Parliamentary panel proposes changes to debt recovery law
Photo Credit: Shah Junaid/VCCircle

Suggesting some changes to the proposed debt recovery law, a parliamentary panel on Friday submitted its report on the bill which seeks to expedite disposal of over 70,000 pending cases involving more than Rs 5 lakh crore.

The Joint Parliamentary Committee has proposed amendments, ranging from definitions to several terms such as company, financial lease, and secured creditor, to the Enforcement of Security Interest and Recovery of Debts Laws and Miscellaneous Provisions (Amendment) Bill.

The Bill seeks to facilitate expeditious disposal of debt recovery applications. There are around 70,000 cases are pending in Debt Recovery Tribunals involving more than Rs 5 lakh crore.

The committee proposed amendment to the net owned fund for a securitisation or reconstruction company.

"Hence for drafting clarity, the Committee decide to insert word higher after the words such other in proposed modified clause," the panel said in the report.

The Committee suggested relaxation of restrictions on holding controlling interest in the capital of Asset Reconstruction Companies so as to have no restrictions on the composition of board of directors of ARCs, it said.

The panel recommended that passing of an ex-parte order after the show cause notice of 30 days of the service of summons may be a violation of the principles of natural justice.

"The Committee are of the view that adequate opportunity should be provided to a borrower before an adverse adjudicatory stance is taken against him," it said.

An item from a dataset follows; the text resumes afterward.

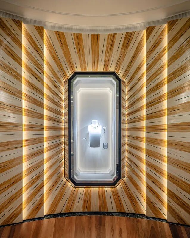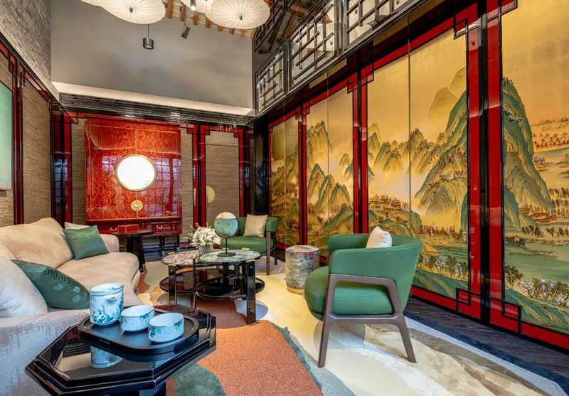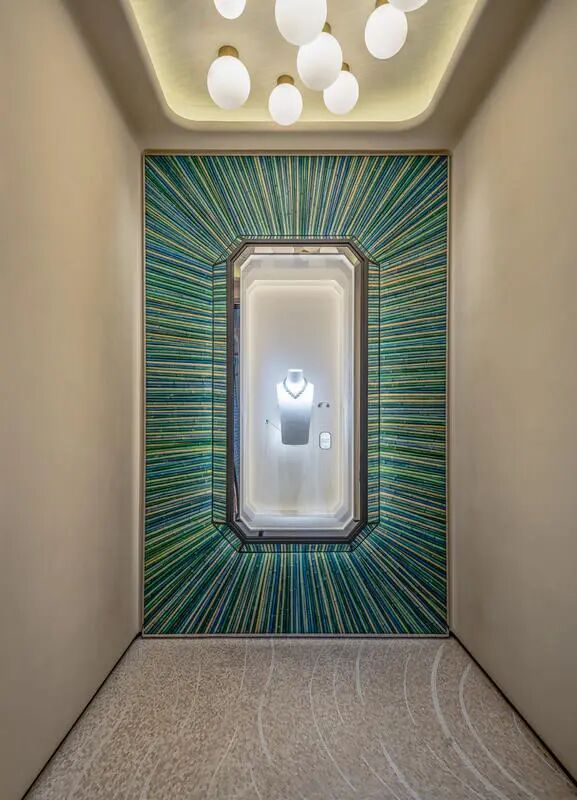 更有趣的是,法式与中式美学的精髓,借由绿与红这两种色彩巧妙交融。为呈现这一设计,宝诗龙邀请艺术家Olga Thune-Larsen参与创作,她以秸秆镶嵌作品赋予展柜璀璨夺目的视觉效果。点缀其间的红色玻璃致敬了亚洲文化中这一色彩所承载的深远意蕴,而绿色则是宝诗龙的标志性色彩。

The legislation proposes to give RBI powers to regulate asset reconstruction companies, priortise secured creditors in repayment of debts and provide stamp duty exemption on loans assigned by banks and financial institutions to asset reconstruction firms.

The Enforcement of Security Interest and Recovery of Debts Laws and Miscellaneous Provisions (Amendment) Bill, 2016 is important legislation which seeks to amend the Recovery of Debts due to Banks and Financial Institutions Act, 1993 and the Securitisation and Reconstruction of Financial Assets and Enforcement of Security Interest Act, 2002 and make consequential amendments in the Indian Stamp Act, 1899 and the Depositories Act, 1996.

The object of the amendments proposed in the Bill is to improve the ease of doing business and facilitate investment leading to higher economic growth and development.